According to an often repeated story, legendary football coach, Vince Lombardi, once expressed his frustration by stopping practice and saying to his Green Bay Packer professionals something like, “Let’s start at the beginning. This is a football. These are the yard markers. I’m the coach. You are the players.” (Although I haven’t been able to confirm the accuracy of the whole quote, many sources agree that “the Coach” is remembered for saying to men who prided themselves in their knowledge of the game, “Gentlemen, this is a football.”)
In a similar way, I often come back to a few words of the Bible that just as carefully repeat the spiritual basics of following Christ.
We’ve looked at 2Peter 1:5-7 before. But because of the story it tells about how faith grows and is expressed I want to occasionally review it for my sake and your’s.

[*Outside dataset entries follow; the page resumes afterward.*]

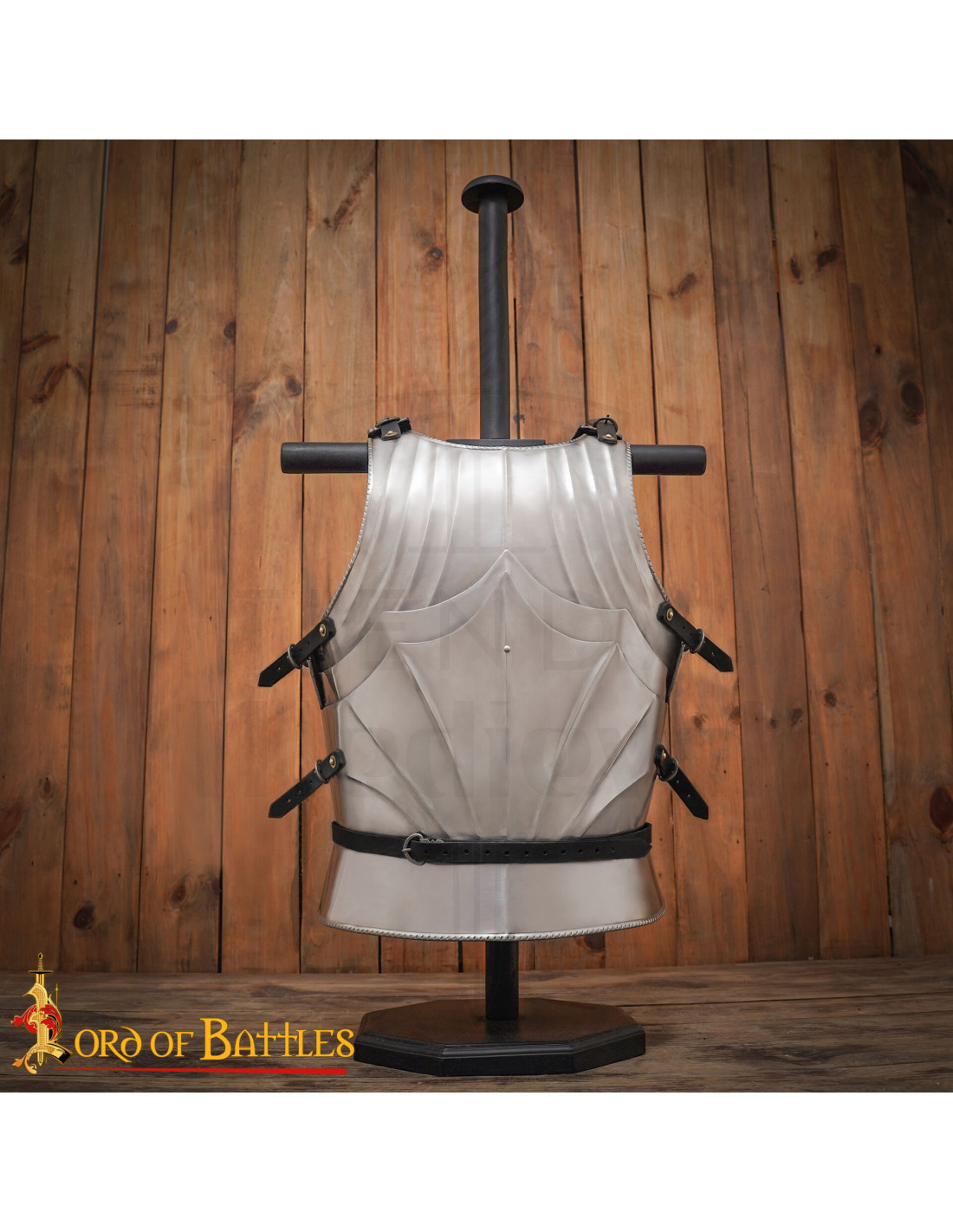Inspirée par l'armure des XVe et XVIe siècles, cette cuirasse reflète l'évolution de l'équipement défensif des chevaliers européens. Son design cannelé, typique de l'époque gothique, offre non seulement un impact visuel impressionnant mais renforce également la structure, offrant une meilleure résistance aux coups sans ajouter de poids supplémentaire. La combinaison de lignes courbes et de détails décoratifs fait de cette pièce un objet à la fois fonctionnel et esthétiquement saisissant.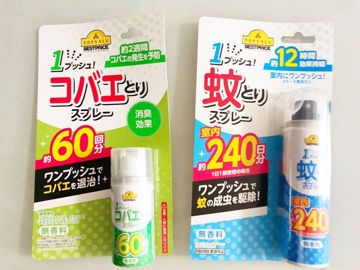 コバエとりスプレーは767円で約60回分、蚊とりスプレーは877円で約240日分です。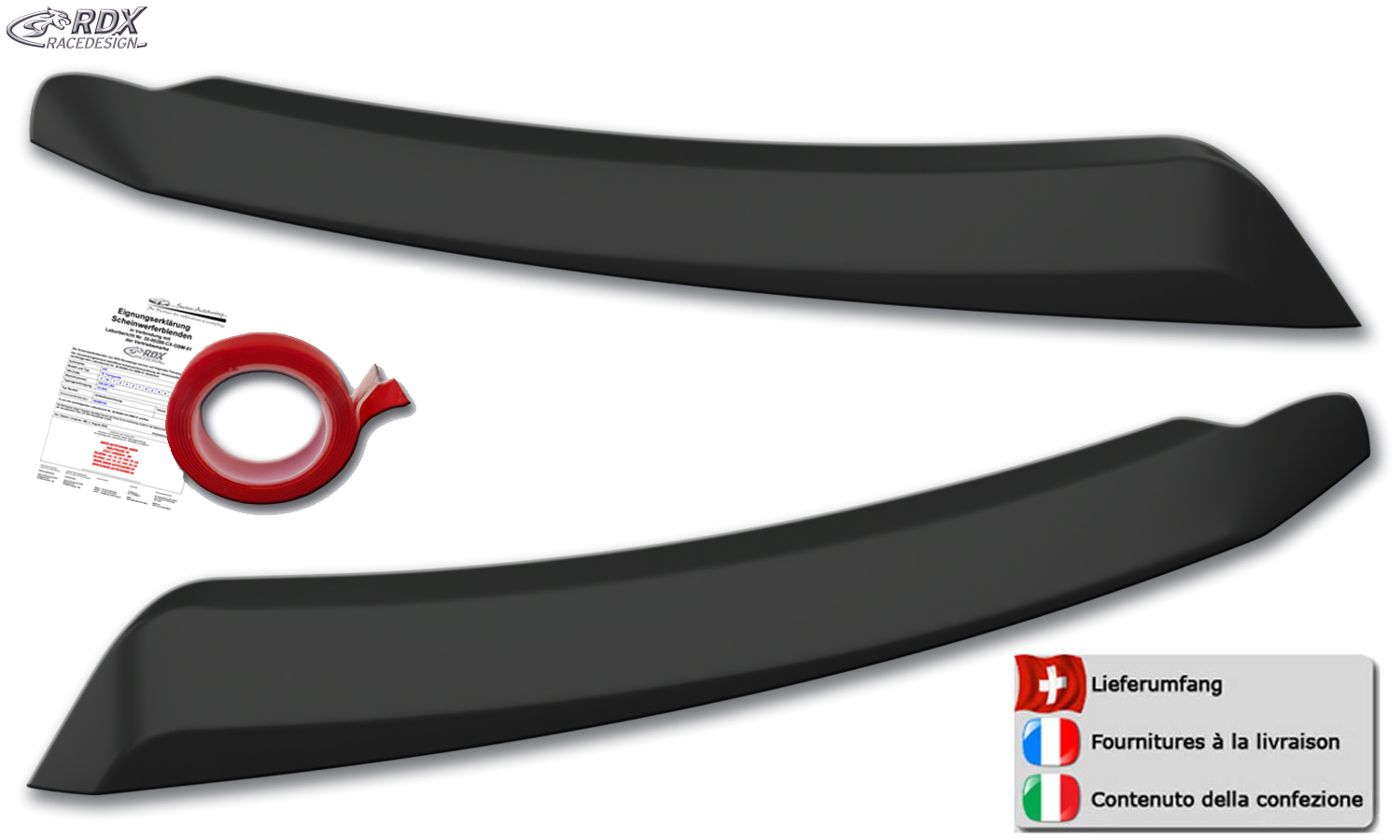 > Die Scheinwerferblenden werden einfach mit dem beiliegenden Montageklebeband auf das Scheinwerferglas geklebt.

After reminding followers of Jesus that: God has graciously and generously given us all of the power and promises we need to live the life of faith he has called us to, the Apostle Peter says,
“For this very reason (tightly connecting vss 1-4 to vvs 5-7), giving all diligence, add to your faith virtue, to virtue knowledge, to knowledge self-control, to self-control perseverance, to perseverance godliness, to godliness brotherly kindness, and to brotherly kindness love. For if these things are yours and abound, you will be neither barren nor unfruitful in the knowledge of our Lord Jesus Christ.
By the way Peter repeats his “yard markers”, he shows that there is a logic– a critical, non-negotiable, faith-based story he wants us to see.

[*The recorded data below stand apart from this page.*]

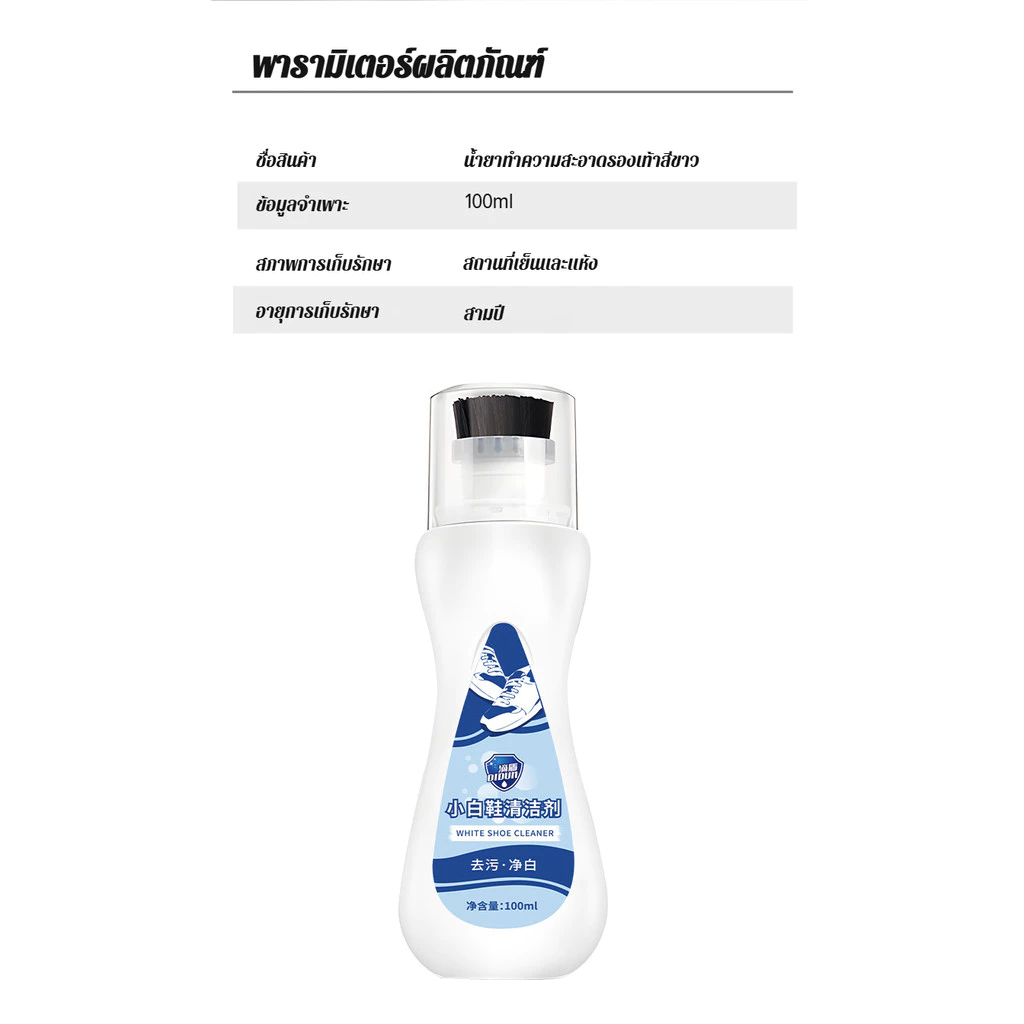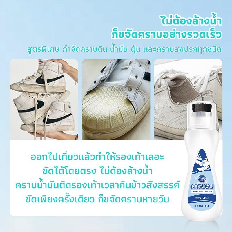 น้ํายาล้างรองเท้า น้ํายาซักแห้ง มีแปรงในตัว โฟมทําความสะอาด ขจัดคราบง่าย ไม่ต้องล้างน้ํา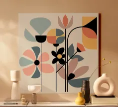 Where the untamed beauty of nature meets the clarity of modernist design. By distilling organic forms to their purest lines and elemental colors, it invites us to find harmony in simplicity and discover the timeless artistry that exists where the wild spirit of a flower meets the deliberate precision of human creation. It challenges us to see beyond the superficial and appreciate the deep, quiet power of form, function, and intrinsic beauty.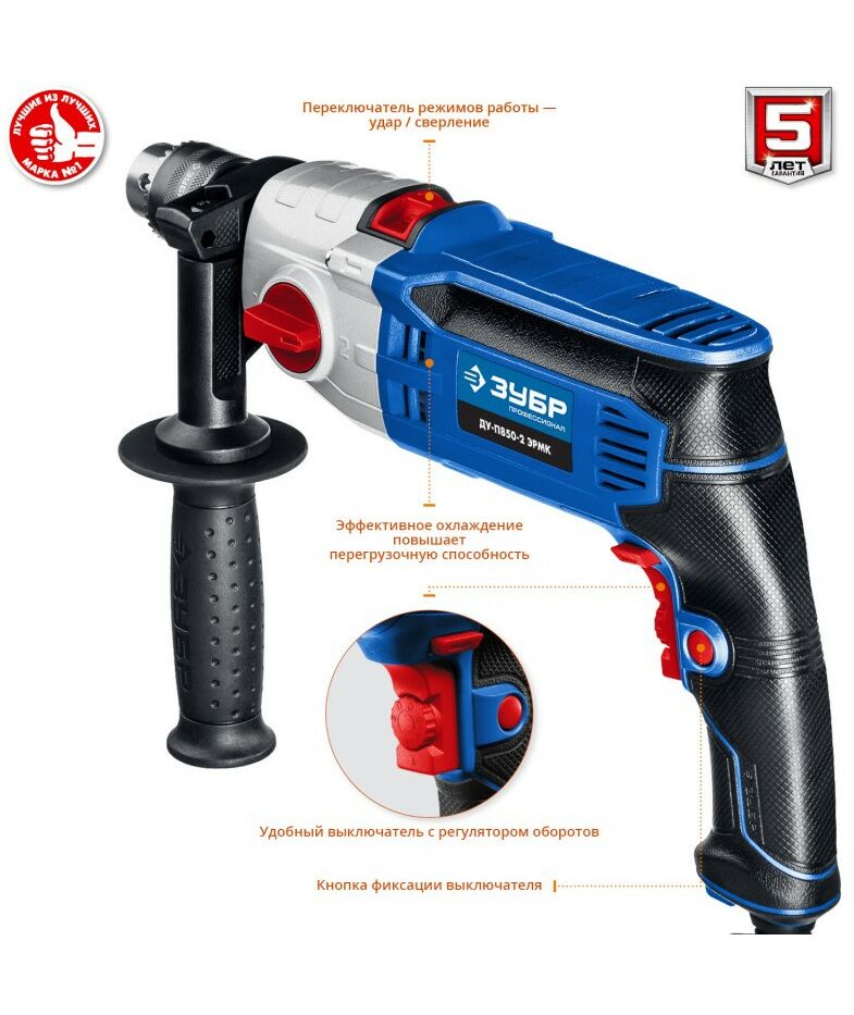 - Надежное удержание дрели благодаря обрезиненной основной и удобной дополнительной рукояткам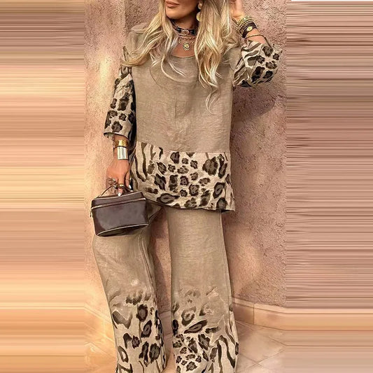 Daily Khaki Women's Casual Vintage Style Bohemian Leopard Polyester Pant Co-ord Set Pants Pants Sets
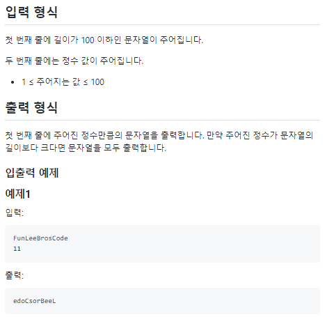 print(string[-1 : -n-1 : -1])'Python > [코드트리]' 카테고리의 다른 글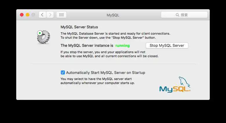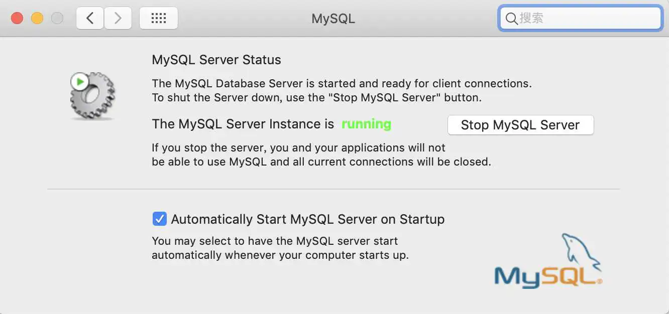 注:在此可以启动和停止MySQL数据库,同时还可以设置MySQL数据是否开机启动。

In short, he wants us to see that what God has done for us in Christ… is the basis of our response to him through the following relationships of faith:
Links 1&2. virtue and knowledge–Without a desire for something better than our natural ways, we will not grow in a personal knowledge of Jesus.
Links 2&3. knowledge and self-control–Without a personal knowledge of Jesus shaping our thoughts, we will not grow in self-control.
Links 3&4. self-control and endurance– Without self-control we will not grow in our ability to endure.
Links 4&5. endurance and God-centered character– Without endurance we will not grow in God-centered character.
Links 5&6. God-centered character and brotherly kindness– Without God-centered character we will not grow in the Father’s love for his family.
Links 6&7. brotherly kindness and love– Without sharing the Father’s love for his family, we will not grow in sharing his love for his enemies and ours’.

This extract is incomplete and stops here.